The superintendent's reference to plaintiff's arrest as the link between his behavior and employment situation lends superficial support to his contention that he was terminated because he was arrested. However, that conclusion is inconsistent with the board's determination that it was his admitted possession of a large quantity of marijuana which constituted cause for his termination. The board's determination is reflected in the superior court's finding along with the court's finding that plaintiff was unfit to deal with wards who have narcotics backgrounds. Both the board and the court obviously credited the superintendent's testimony as to the adverse effect of plaintiff's behavior on the relationships with the wards for whose benefit he was employed. They were entitled to rely on his opinion (cf. Pettit v. State Board of Education (1973) 10 Cal.3d 29, 35, 109 Cal.Rptr. 665, 513 P.2d 889; Governing Board v. Metcalf (1974) 36 Cal.App.3d 546, 550, 111 Cal.Rptr. 724). The trial court's finding of unfitness is therefore supported by substantial evidence.
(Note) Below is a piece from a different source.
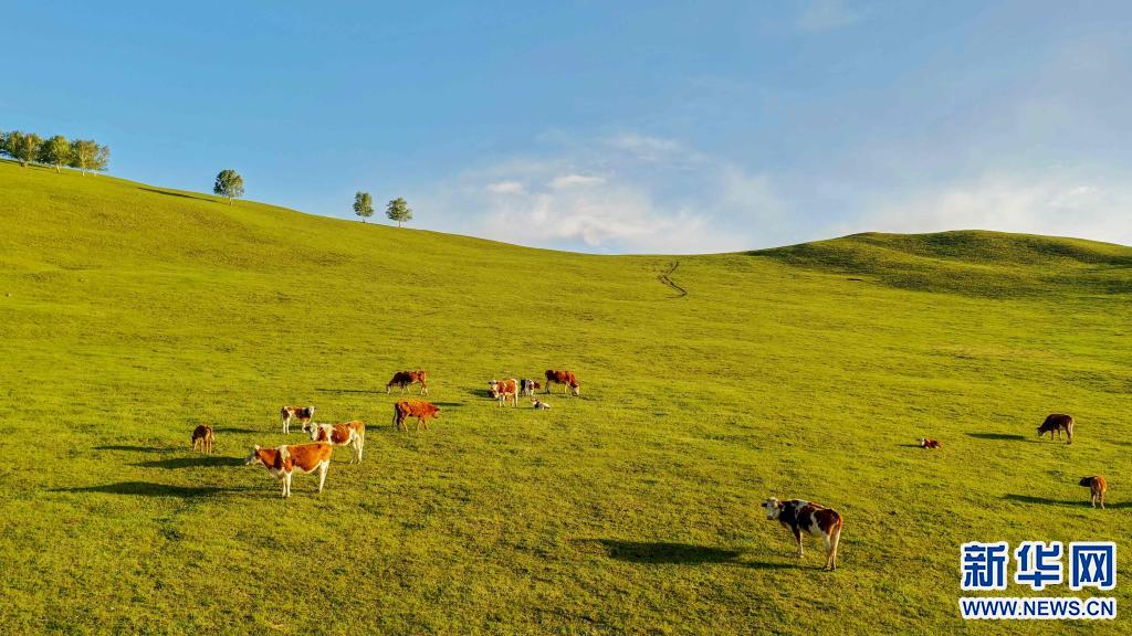 牛儿在乌兰毛都草原上悠闲地吃草。新华网 发(赖志强 摄)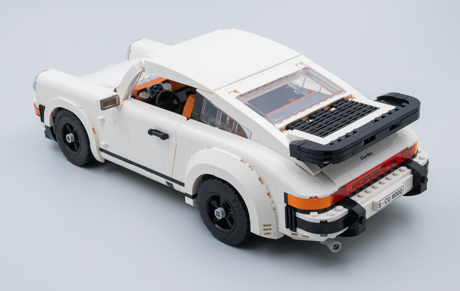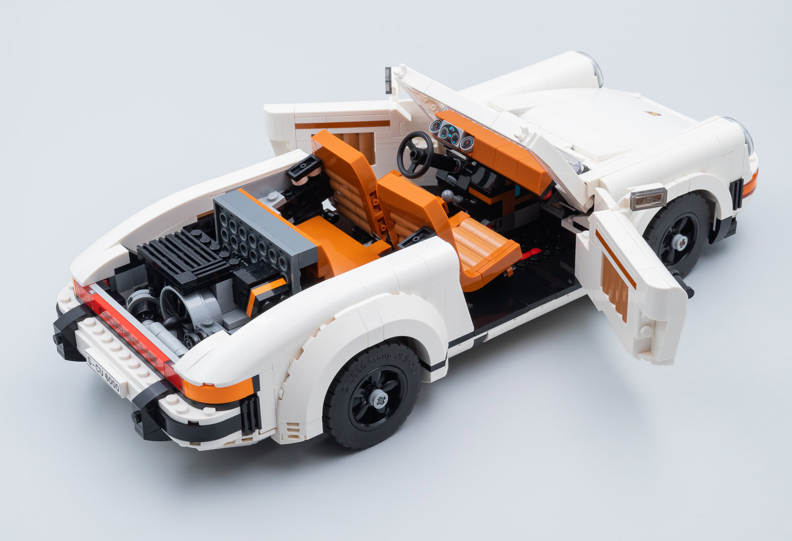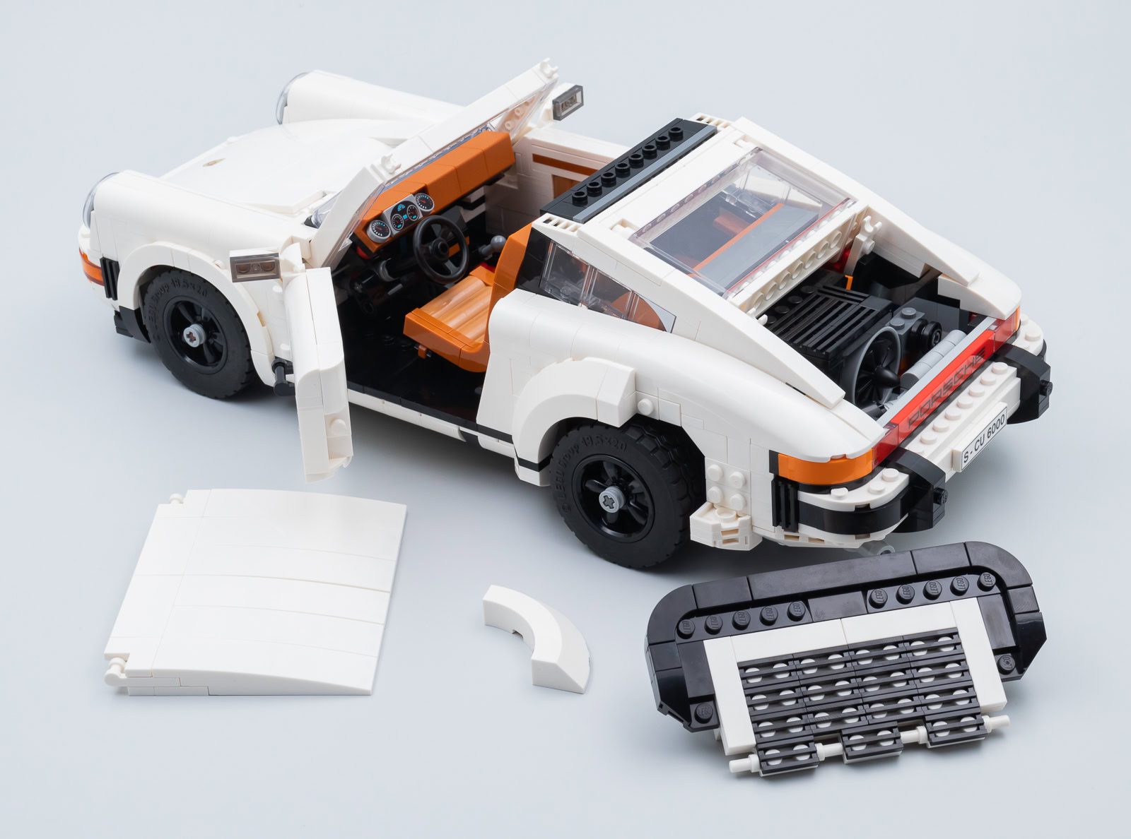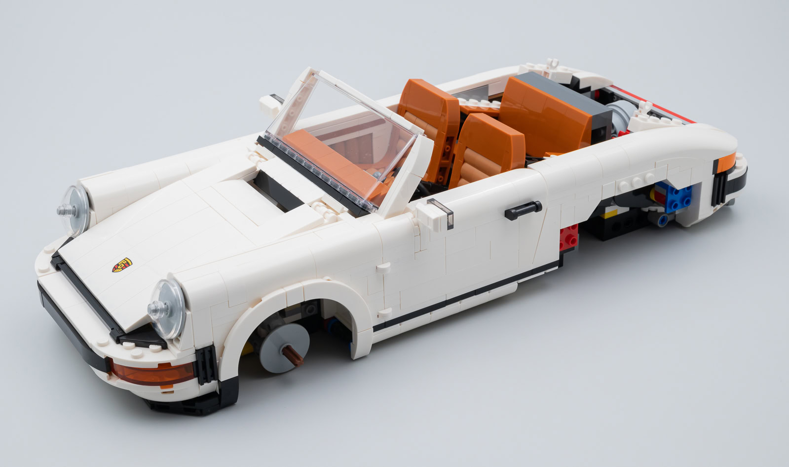 Lors d'un premier assemblage, tout roule. Le plancher à base d'éléments Technic, la sellerie très réussie avec des sièges avant qui basculent pour permettre l'accès à la banquette arrière, l'habillage intérieur Dark Orange et Nougat avec son tableau de bord un peu minimaliste, les portières massives mais bien conçues, les éléments mécaniques et une partie de la carrosserie sont assemblés et il suffit ensuite de se décider pour la version Turbo ou Targa et de suivre les indications fournies dans le livret d'instructions.

Finally, plaintiff's contention regarding his peace officer status lacks merit. First, the trial court's finding of unfitness makes no mention of plaintiff's status. Substantial evidence and common sense would support the judgment simply on the basis of the irreconcilability of plaintiff's behavior and his job. Second, it is now established law that correctional officers such as plaintiff may be disciplined as peace officers for violating laws they are employed to enforce. (See Hooks v. State Personnel Bd. (1980) 111 Cal.App.3d 572, 577, 168 Cal.Rptr. 822, and cases there cited.)

The judgment is affirmed.


1.  An earlier disciplinary demotion from a counseling position was based on plaintiff's supervision of a trip to the movies during which he allowed the wards to drink beer in the park instead. Two wards became drunk and two others escaped.

2.  The hearing officer's offer to put the matter over was ignored.

CARR, Associate Justice.

PARAS, Acting P. J., and REYNOSO, J., concur.